## [TRY IT]
Locate the line bearing "阳明湖 青山不墨千秋画,绿水" in the material below, then reproduce it and each following line up to and including the line bearing "Broche/pendente in oro".

## [RECORDS SHOWN]
Content starts

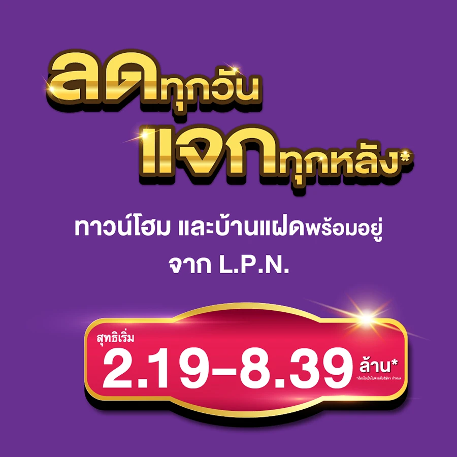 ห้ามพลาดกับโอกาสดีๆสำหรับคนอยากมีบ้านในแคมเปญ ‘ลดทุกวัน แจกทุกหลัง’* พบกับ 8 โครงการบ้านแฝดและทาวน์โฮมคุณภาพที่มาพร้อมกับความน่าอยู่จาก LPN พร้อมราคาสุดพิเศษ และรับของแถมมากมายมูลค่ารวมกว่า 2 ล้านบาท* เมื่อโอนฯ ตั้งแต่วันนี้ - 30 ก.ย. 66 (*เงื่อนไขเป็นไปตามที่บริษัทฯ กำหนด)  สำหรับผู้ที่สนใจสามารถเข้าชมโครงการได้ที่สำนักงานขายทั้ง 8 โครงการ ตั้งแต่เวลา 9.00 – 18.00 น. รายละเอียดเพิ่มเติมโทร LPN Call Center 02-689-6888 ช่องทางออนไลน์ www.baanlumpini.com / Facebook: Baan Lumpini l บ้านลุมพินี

Content ends
Content starts

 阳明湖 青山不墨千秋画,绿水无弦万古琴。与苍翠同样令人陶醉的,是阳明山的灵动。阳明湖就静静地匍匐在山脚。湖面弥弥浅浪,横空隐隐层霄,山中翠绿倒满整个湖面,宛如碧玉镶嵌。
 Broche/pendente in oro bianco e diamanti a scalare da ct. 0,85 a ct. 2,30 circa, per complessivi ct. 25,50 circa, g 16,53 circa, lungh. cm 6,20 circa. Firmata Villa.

Content ends
Content starts

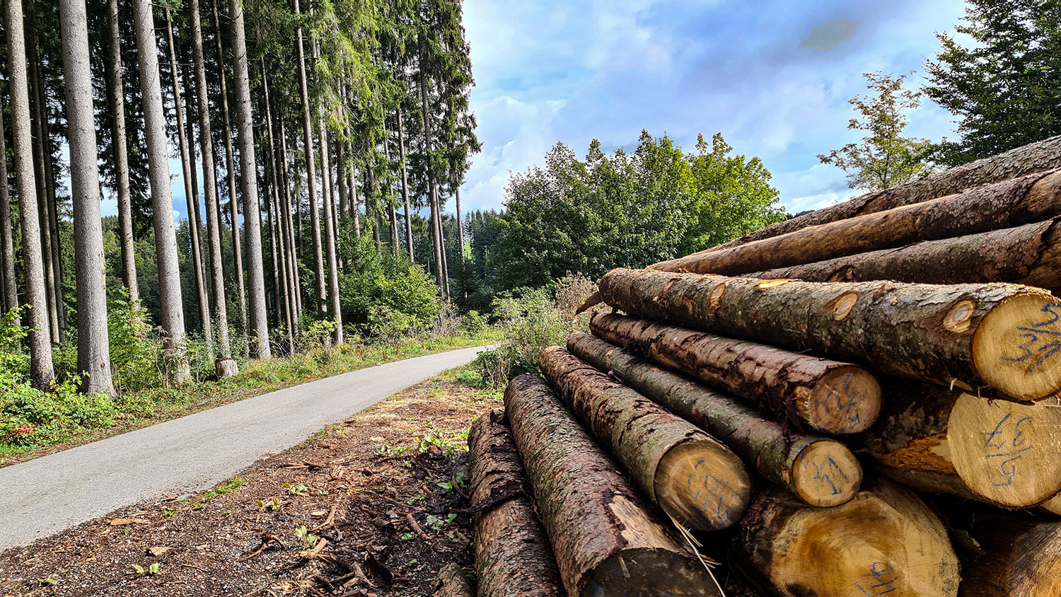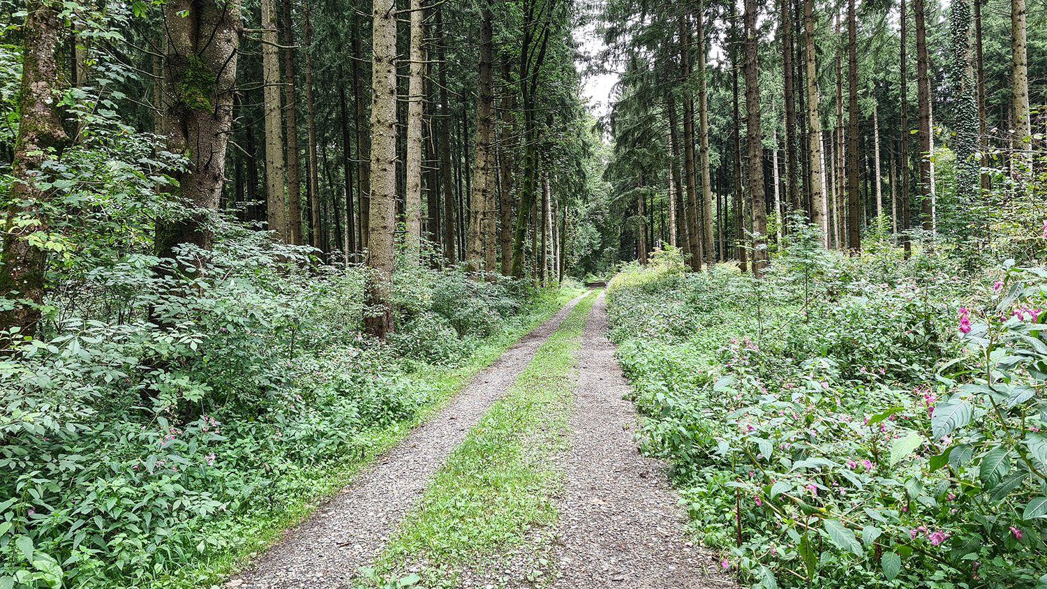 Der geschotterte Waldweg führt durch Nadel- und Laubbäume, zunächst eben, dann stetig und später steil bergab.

Content ends

## [ANSWER BOX]
 阳明湖 青山不墨千秋画,绿水无弦万古琴。与苍翠同样令人陶醉的,是阳明山的灵动。阳明湖就静静地匍匐在山脚。湖面弥弥浅浪,横空隐隐层霄,山中翠绿倒满整个湖面,宛如碧玉镶嵌。
 Broche/pendente in oro bianco e diamanti a scalare da ct. 0,85 a ct. 2,30 circa, per complessivi ct. 25,50 circa, g 16,53 circa, lungh. cm 6,20 circa. Firmata Villa.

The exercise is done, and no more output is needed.